Może jestem przewrażliwiony, ale spotyka mnie trochę nadmiernych dociekań od nie których znajomych. Typu, co 1 piwko nie zaszkodzi !. no musimy się napić i najbardziej typowe, no nie możliwe, przecież nie możemy być alkoholikami. Duże zdziwienie, itp.
W najbliższym czasie będę brał udział w paru imprezach wyjazdowych. Zobaczymy.
Robiłem wcześniej parę prób nie picia. Picia tzw. normalnego. Nie wychodziło.
Zastanawiam się na udziałem w AA.
Pozdrawiam.
cool - Nie 15 Kwi, 2012 06:09
witaj Kazik
Mietek alkoholik
Gonzo.pl - Nie 15 Kwi, 2012 06:12
Cytat: | Może jestem przewrażliwiony, ale spotyka mnie trochę nadmiernych dociekań od nie których znajomych. |
Podstawową zasadą w abstynencji, zwłaszcza tak krótkiej, jest unikanie sytuacji alkoholowych i osób pijących. Wtedy nie dochodzi do kolejnego etapu, czyli namawiania. Cytat: | W najbliższym czasie będę brał udział w paru imprezach wyjazdowych. Zobaczymy. |
Co zobaczymy? Ja już to widzę. Czarno to widzę.
Planujesz sobie sytuacje alkoholowe?
Jak nie potrzebuję gwoździ, to nie wchodzę do sklepu żelaznego. Widocznie Ty potrzebujesz.
Zycie bez alkoholu polega na życiu bez alkoholu.

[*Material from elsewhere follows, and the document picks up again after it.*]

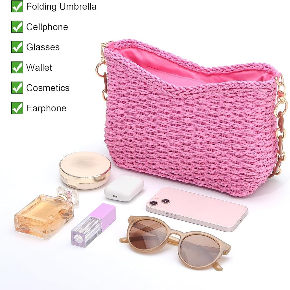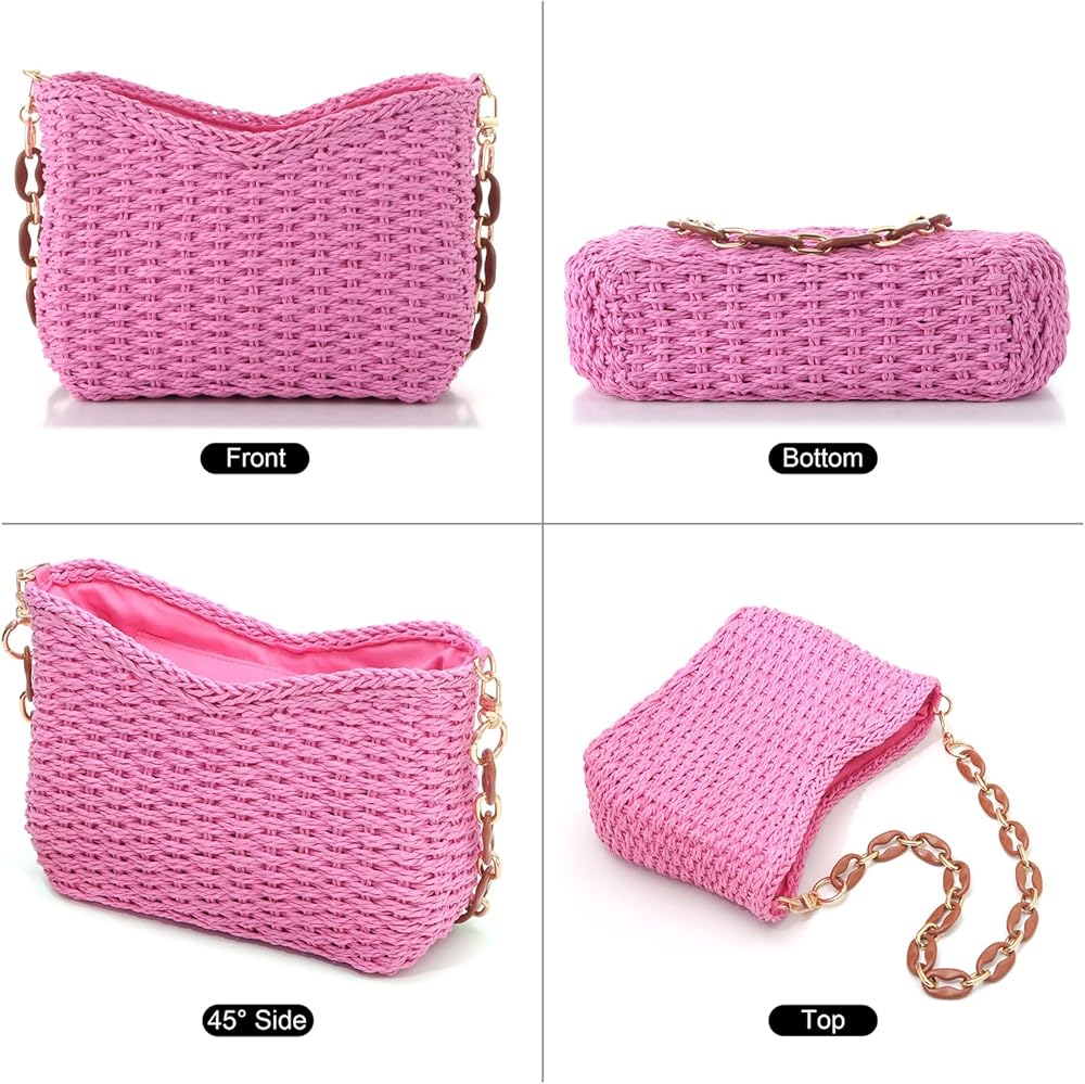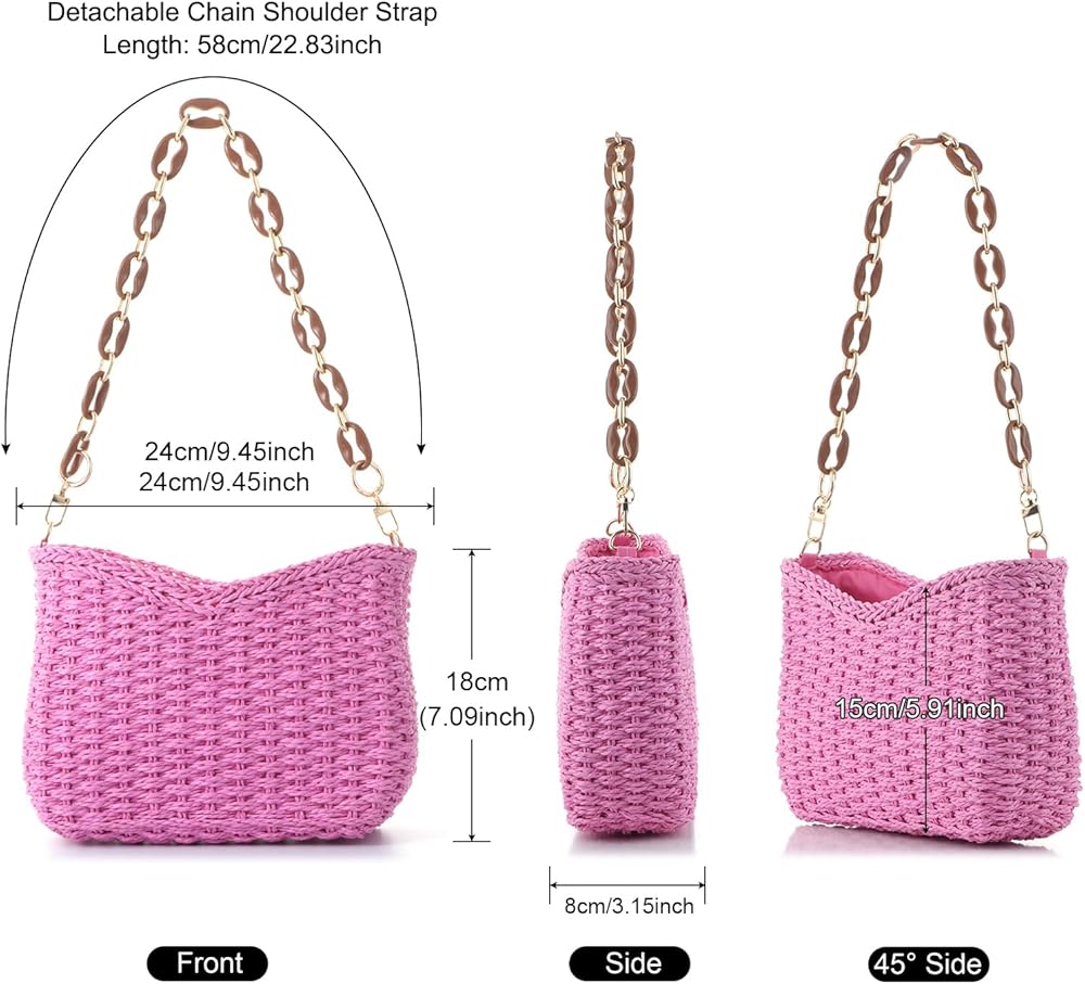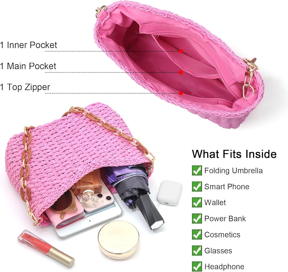 SIZE: The beach straw shoulder bag measures approx 9.45*3.15*7.09''(L*W*H), chain shoulder strap length: 22.83''. Zipper closure makes it easy to access, can hold your phone, wallet, keys, sunglasses, lipstick, sunscreen and folding umbrella, etc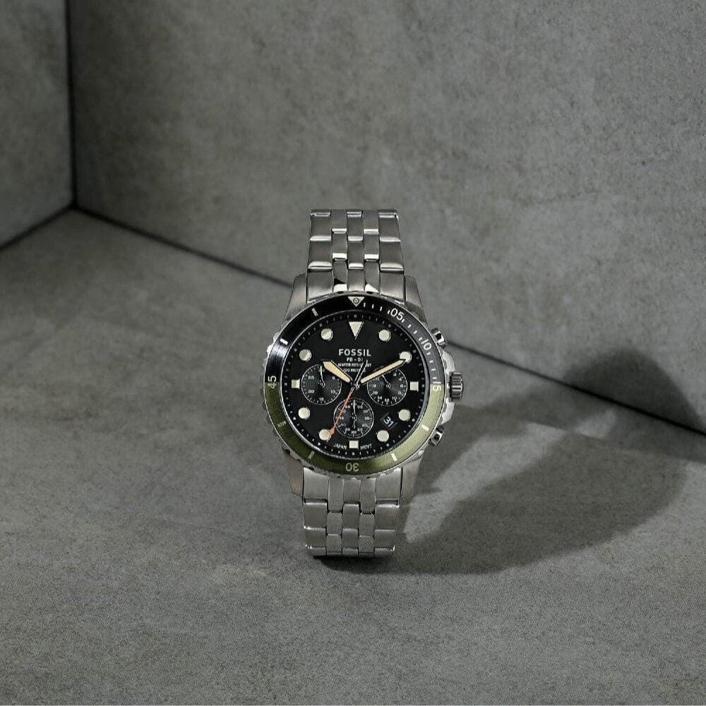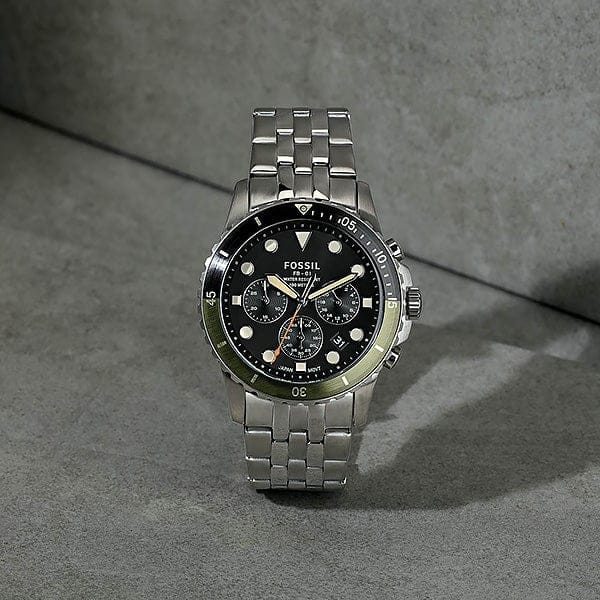 Fossil FB-01 Chronograph Black Dial Silver Steel Strap Watch for Men - FS5864

Tak, tak, wiem, wiem.... Nie możesz... Musisz.... Jak to tak.... A kumple.... A z pracy Cię wyrzucą....
Bzdury. Dostosowujesz się do kogoś, a raczej do swoich wyobrażeń, co kto pomyśli.
Cytat: | Dzisiaj mija 38 dzień mojego niepicia. |
Ależ on się dopiero zaczął, ja sam nie wiem, co będzie do wieczora....
A tych 38 dni szczerze gratuluję. Sam wiem, jaka to radość i osiągnięcie.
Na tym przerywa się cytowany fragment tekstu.